Basics of data science
Jainendra Kumar, CPM, M.IOD
Member of Forbes Technology Council | Advisor | AI, ML, SaaS, Cloud, DevSecOps | Digital Transformation | Certified Independent Director
Several fields make data science and diverse skills are needed. It also involves several roles – planning, data preparation, modeling, and follow-up.
Definition of data science:
Data science is an inclusive analysis of a diverse set of data. It involves coding, domain knowledge and statistics in applied setting resulting into value. Coding is required for data gathering, formatting, and analysis. R & Python are well established for statistical coding whereas SQL is for database query. Basic understating of probability, algebra, regression, etc. is required to diagnose issues as it uncovers. It also includes machine leering in which coding and math skills are of a higher order than domain knowledge.
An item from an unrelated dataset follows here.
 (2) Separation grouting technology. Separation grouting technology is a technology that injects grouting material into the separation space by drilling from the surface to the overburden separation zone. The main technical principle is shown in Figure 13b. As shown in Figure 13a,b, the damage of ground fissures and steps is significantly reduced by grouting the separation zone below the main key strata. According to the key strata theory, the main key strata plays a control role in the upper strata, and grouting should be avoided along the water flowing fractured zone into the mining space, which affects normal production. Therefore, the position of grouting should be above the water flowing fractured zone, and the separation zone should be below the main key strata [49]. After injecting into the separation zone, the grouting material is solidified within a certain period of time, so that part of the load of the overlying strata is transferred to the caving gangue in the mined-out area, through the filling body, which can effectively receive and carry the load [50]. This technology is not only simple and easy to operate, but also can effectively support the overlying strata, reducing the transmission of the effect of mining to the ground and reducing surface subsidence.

Planning a data science project:
Every project starts with a well-defined value/goal, resource organization, coordination between people across functions and a schedule.
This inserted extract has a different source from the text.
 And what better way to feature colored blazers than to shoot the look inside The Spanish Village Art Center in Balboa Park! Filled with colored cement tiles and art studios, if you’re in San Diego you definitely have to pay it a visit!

Data acquisition and preparation:
It involved getting data from various sources, cleaning, explore and refine them, making transformation and more. The data scientist has the option to use existing data, open data, 3rd party data, use APIs, scrape data or even make data.
Statistical modeling:
A statistical model is a small set of data summarizing the gist of the population set. It embodies the algorithm like linear regression, classification, etc. and a subset of data. Once the model is created it is validated using a test set. The model also has to be evaluated - what does it mean and then further refined.
Follow-up:
it involves communicated/presented data science work to the business stakeholders in a meaning full way, driving value. Before that or maybe after approval on the concept, the model is deployed in the production environment with the full set of data. The model has to be revisited if it is not performing as it was with the test data set, or things have changed over time. The model, ETL, assets are to be documented for repeat analysis or future reuse.
Overall data science is not just technical work and it is not defiantly only coding. Technology is just a means of ding data science. It is not just statistics either. Math and statistics form the foundation of data science. So along with coding and math, it also involves domain knowledge, planning, analyzing, communication, and most importantly the contextual skills of relating data science activities to business value.
Tools for data science:
R, RapidMiner, SQL, Python, Excel, KNINE, Hadoop, Tableau, Power Builder, Hadoop, Spark, Google BigQuery, Amazon Sagemaker, and more.
Data science is an ethical practice. It is the responsibility of data scientists to maintain privacy, confidentiality, and security of the data. Maintaining the anonymity of individuals and proprietary data is critical. It is not bias-free and analysis are not neural. So a good judgment is vital for the quality of success of data science project.